While gathering the materials described above, Center x Center once rescued the working files of a senior Taiwanese theatre practitioner just as they were about to be discarded. If even the records of well-known figures can be lost this easily, then materials from lesser-resourced, little-known, grassroots micro-productions are even less likely to be preserved or seen again. Time keeps moving—we don’t know how many priceless theatre archives lie sealed away and forgotten, or are being cleared out right now.

Therefore, alongside actively building a Museum of Archives to encourage micro-theatre groups to preserve their materials digitally, Center x Center also hopes to rally passionate collaborators to seek out and organize micro-theatre archives scattered across different places. Beyond supporting academic research, we aim to re-activate these works so they can generate revenue through remounts or reinterpretations. For physical materials, if a group cannot or does not wish to keep them, they may authorize Center x Center to preserve and creatively activate them. After all, no matter how small the work, how short-lived the troupe, or how unknown the team, these are real and indispensable parts of Taiwan’s theatre history.

[Sponsor]

The One Who Builds the Archive:
Grassroots Theatre Archives, Audience Participation, and the Self-Writing of Urban Culture

This session takes the article “Nostalgia and Disappearance — Exhibiting Art Archives in Recent Macao” as its starting point, inviting audiences to explore with Mok Sio Chong the history and unique characteristics of archival exhibitions in Macao.

For many years, Macao’s theatre archives were dispersed across various civil organizations and individuals. Yet in recent years, exhibitions of theatre documents have offered new perspectives—archives are no longer merely the “results” of history, but processes in which audiences, creators, and citizens actively participate. From 2019’s ⌘O to 2022’s from Scene → to Zine, audiences engaged with archives through embodied actions such as “opening, exploring, illuminating, and making,” constructing their own theatre histories through participation.

Speaker: Mok Sio Chong

Photography: Cheng Tung

Mok Sio Chong is a Macao theatre director, critic, and cultural event curator. He serves as the editor-in-chief of Theatre.Reading quarterly and the “Pinto” website, as well as the chairperson of the Macao Theatre Cultural Society.
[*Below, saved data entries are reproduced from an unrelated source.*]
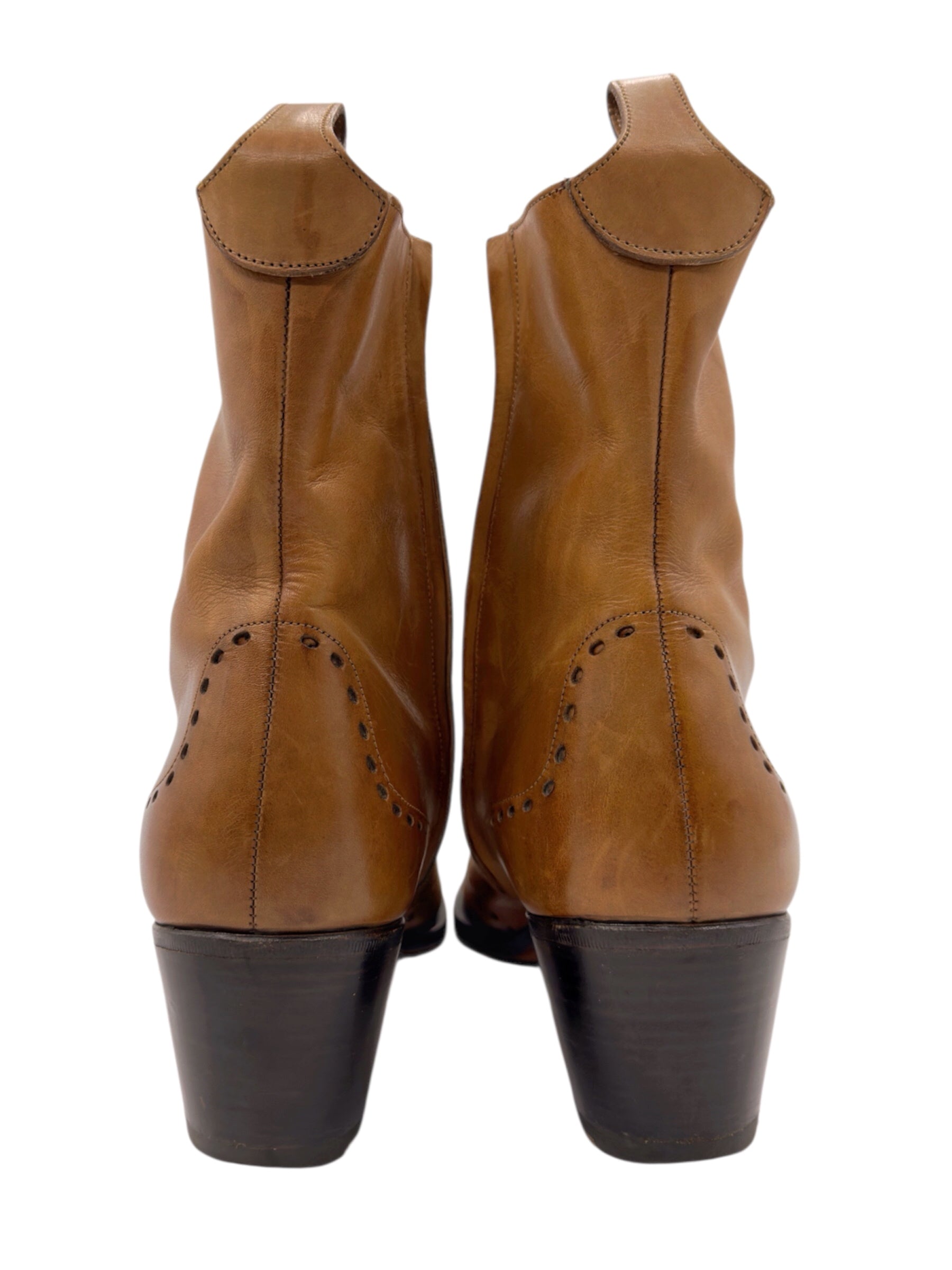 Yves Saint Laurent Rive Gauche Tom Ford Spring 2004 Men’s First Edition 65mm “Jonny” Brown Leather Wingtip Cuban Heeled Boots 44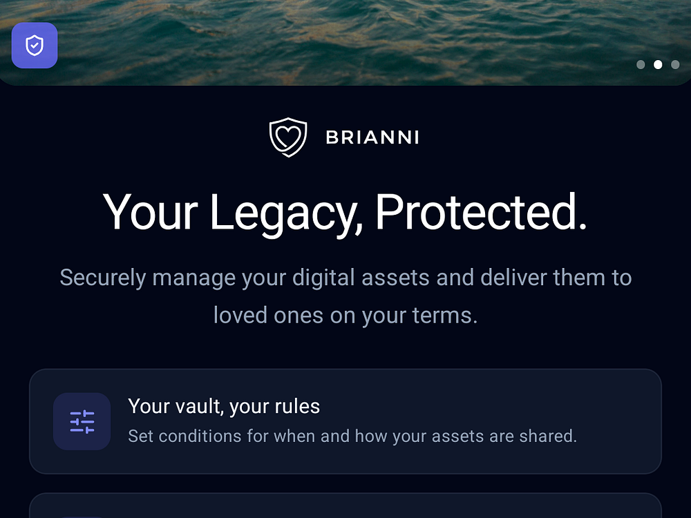 Brianni is encrypted cloud storage with programmable conditional delivery. Store photos, documents, passwords, and messages in a zero-knowledge vault with client-side encryption. Package content for anyone and choose when it unlocks using dates, milestones, recurring schedules, triggers, or AND/OR logic. Recipients verify by email and decrypt in the browser without an account or app. Access your vault on the web, iOS, and Android.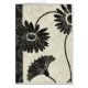 © Daphne Brissonnet/vild Apple. Oavkortad blom för tre blommor, i svartvitt. Avbilda har en blom- mönstrad bakgrund i ett benvitt att skugga och svärta på vänster sida.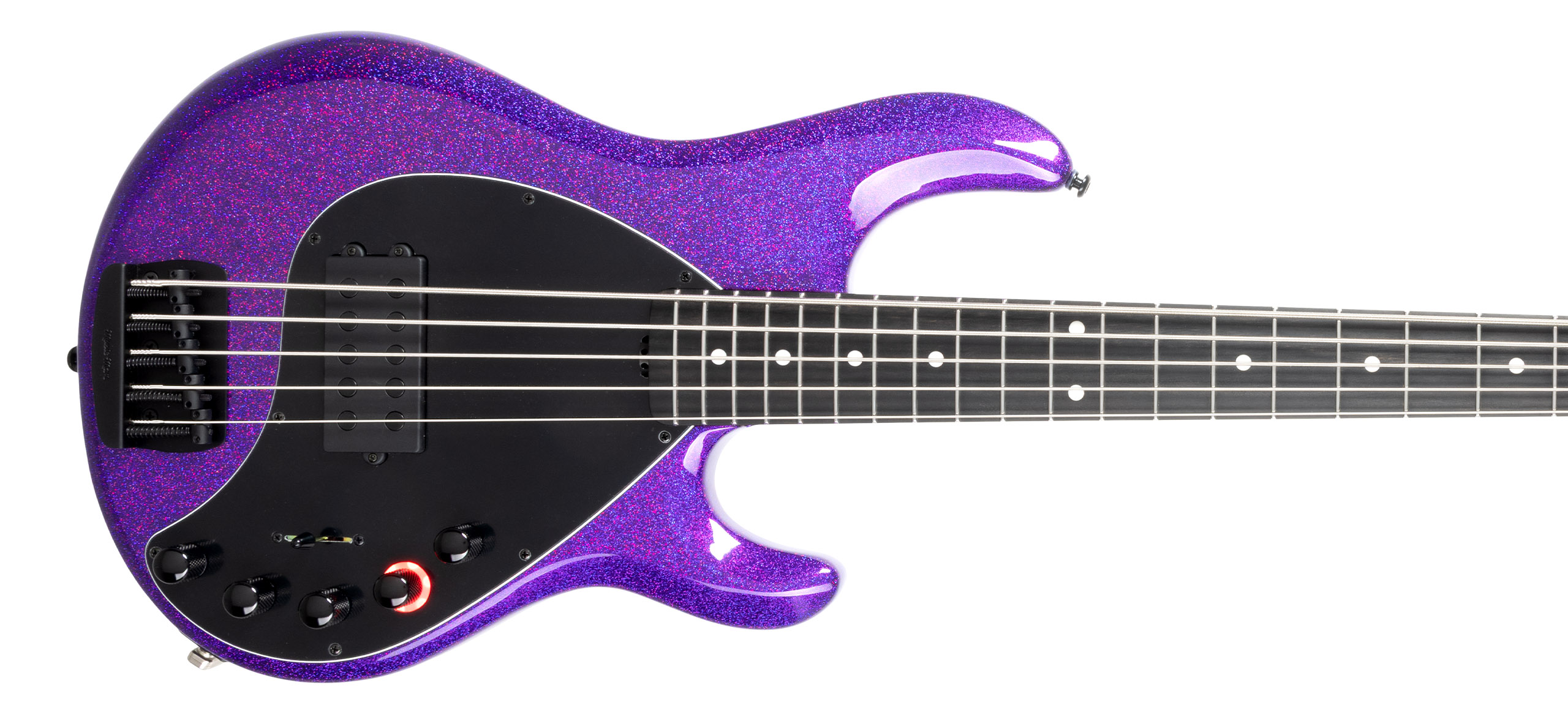 The DarkRay 5 bass is every bit a Stingray 5 Special with neodymium humbucking pickup, roasted maple neck, comfort contoured body, 22 stainless steel frets, all black hardware, and the familiar 4+1 headstock configuration.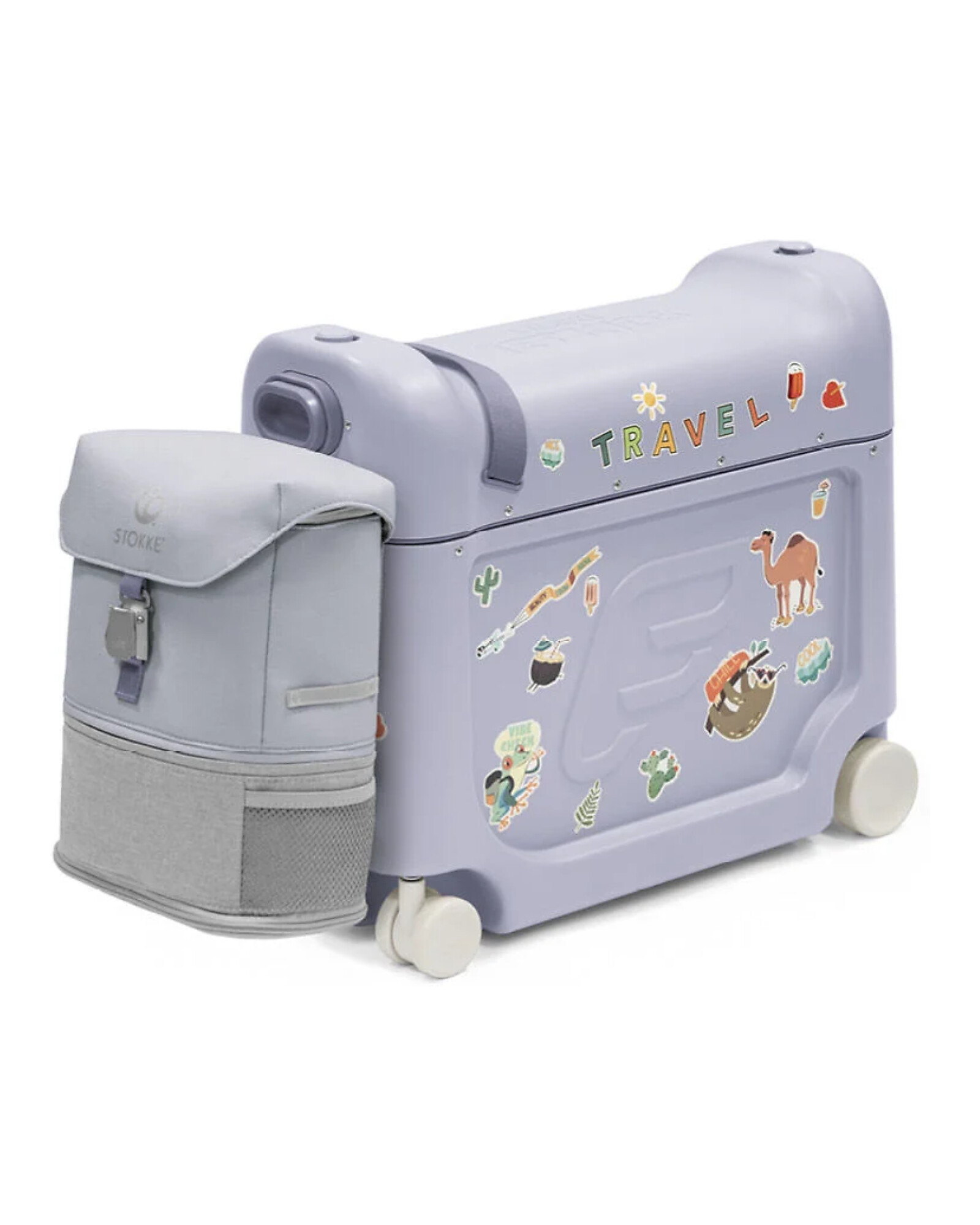 Il Set da viaggio JetKids di Stokke è composto da due accessori essenziali per i piccoli viaggiatori: la valigia-ride-on BedBox™ (che funge da bagaglio a mano, seduta su ruote e persino letto da viaggio) e lo zaino BackPack™, espandibile e pensato per esploratori da 2 a 7 anni.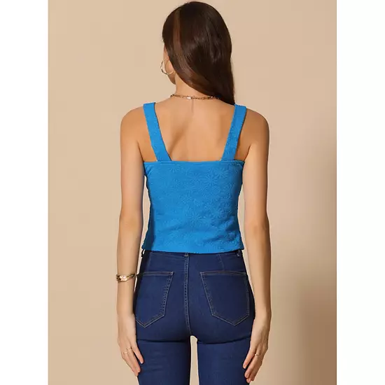 Tank Top Design Feature: crop tops, cami vest, sleeveless, floral straps, casual square neck, 3D flower print, floral pattern, backless, solid color, slim fit, apricot, blue, avocado green; This square neck crop tank cami blends daily wear, workout, weekend, hang out, beach, club, party, coffee shop, concert, lounge, street wear, athletic, school and casual styles-definitely a must-have; Fashionable Matching Options: This trendy tank top casually styles with jeans/skirts or can be tucked under a high-waisted skirt/pants for a work look.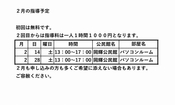 2月の指導予定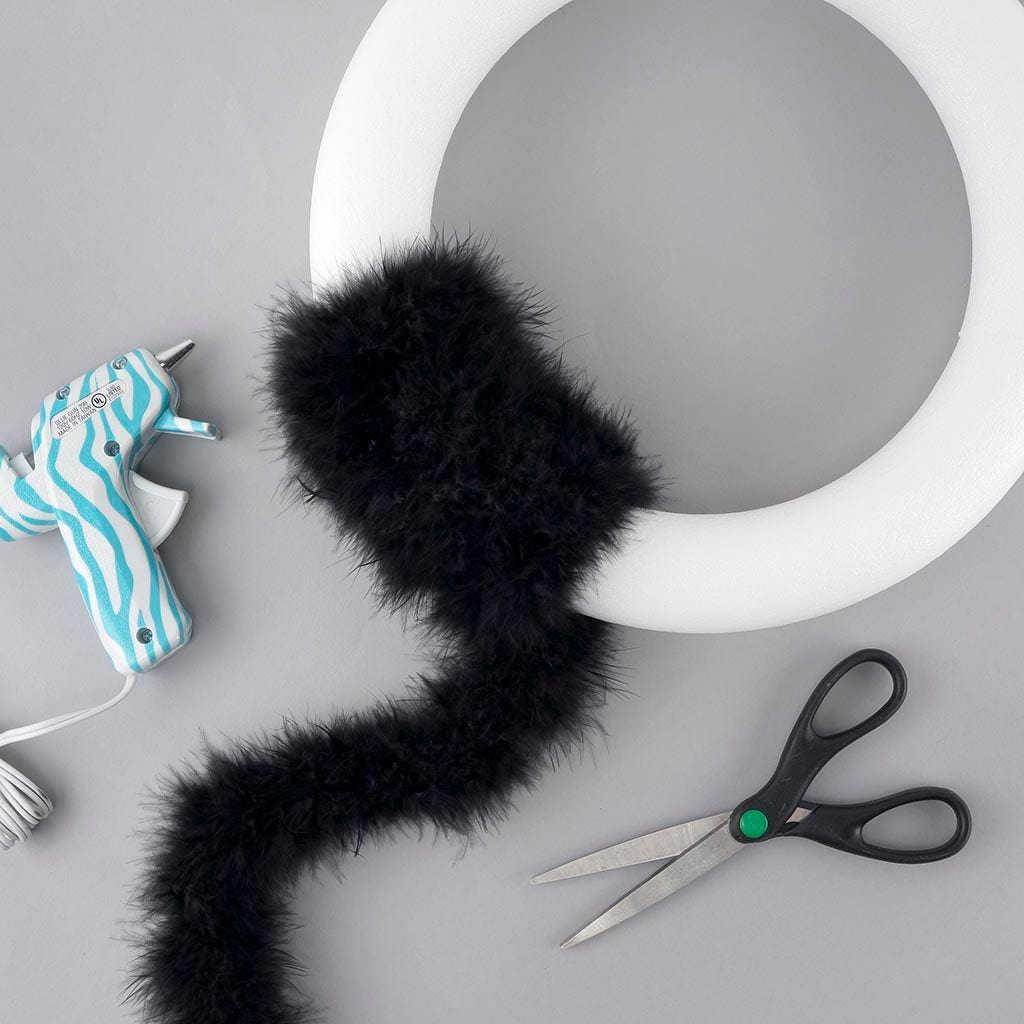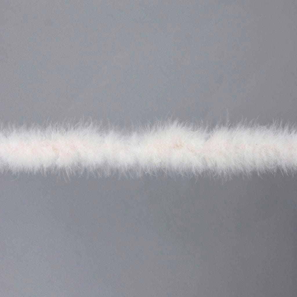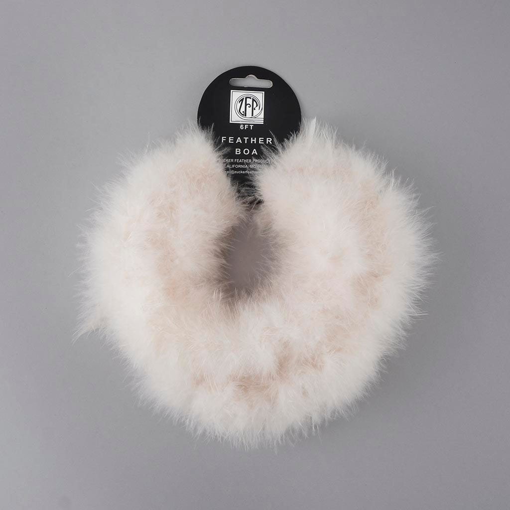 This ivory feather boa is 2 yards (6 feet) long and approx 1.5 inch in diameter. This type of thin feather boa is often referred to as a craft boa or feather boa trim because its small diameter makes it easy to cut and glue without unraveling as feathers are sewn onto a cotton cord.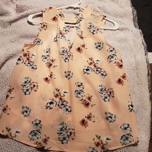 Sleeveless blouse, pink and green, flower,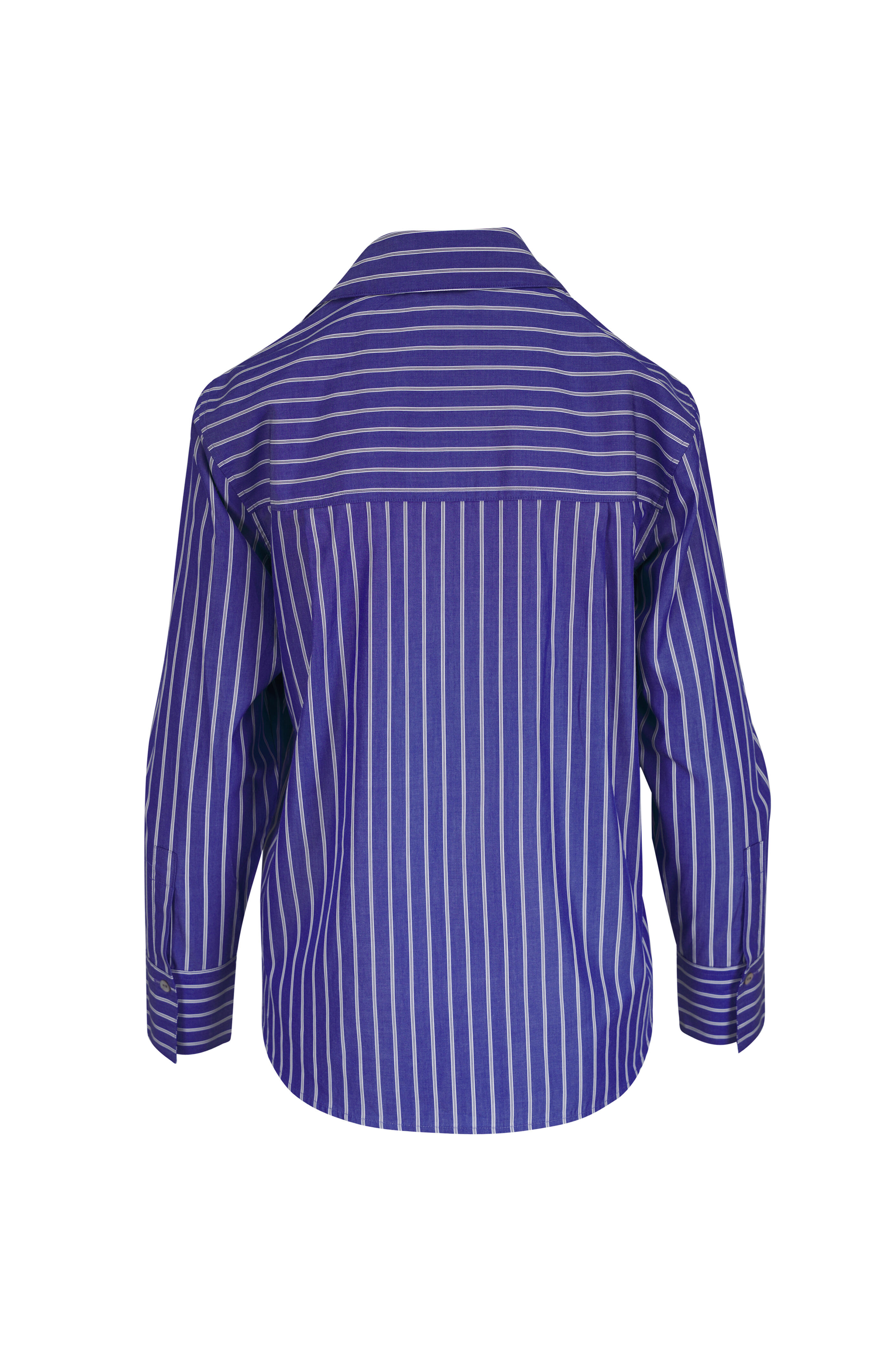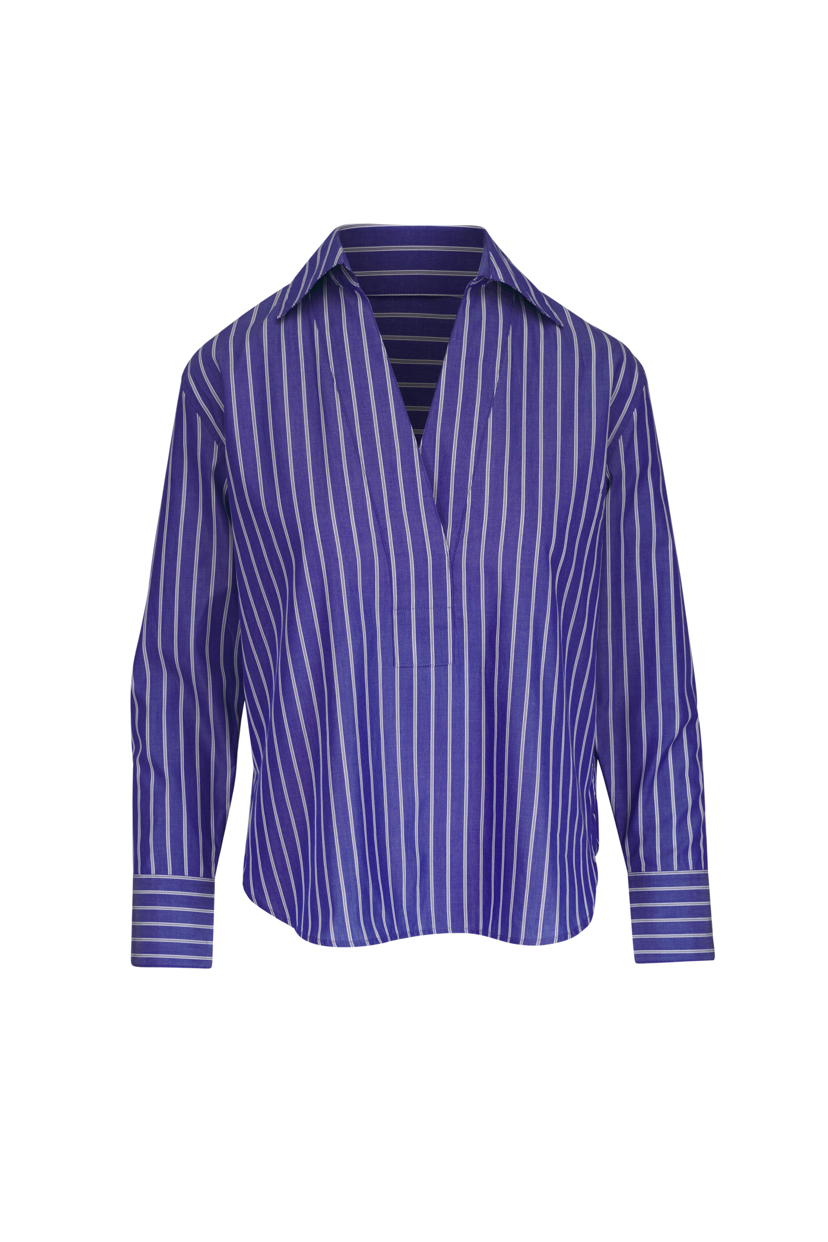 Spread collar. V-neckline. Single button cuffs. Shirttail hem. Imported. Approximately 25" shoulder to hem (measurements taken from XXS). Relaxed fit. 100% cotton. Machine wash.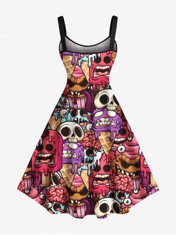 Graphic Dresses > Plus Size Skulls Brain Ice Cream Print Hawaii Tank Dress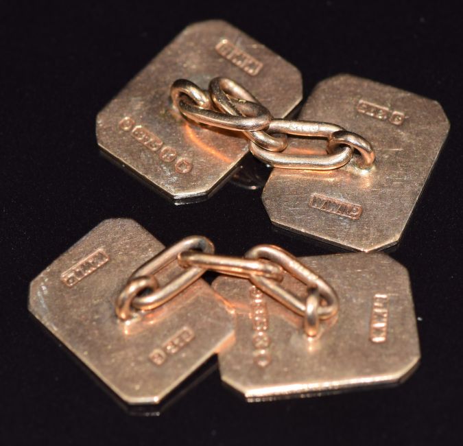 A pair of 9ct gold cufflinks with engine turned decoration, 6.4g

His work focuses on promoting theatre criticism, researching Macao’s theatre history, and organizing archival materials. He has directed over twenty theatre productions exploring themes of urban memory, local history, and personal oral narratives.

Crews

出品/製作:
製作人:
執行製作:
講者:
莫兆忠

Time and Tickets

Capacity|Limited to 45 participants
Admission|Free registration (please sign up as a Center x Center member to claim your e-ticket). On-site registration may be available depending on capacity.

Notice

Entry Rules| Entry opens at 6:30 PM. Please present your e-ticket upon entry.
(Yes, you really do need to show your e-ticket! Please be kind to the check-in staff!)

Exit Reminder| At the end of the event, please take all your trash with you.
(Seriously—everyone needs to take their own trash. Let’s reduce waste together; don’t make things hard for the organizers or the planet!)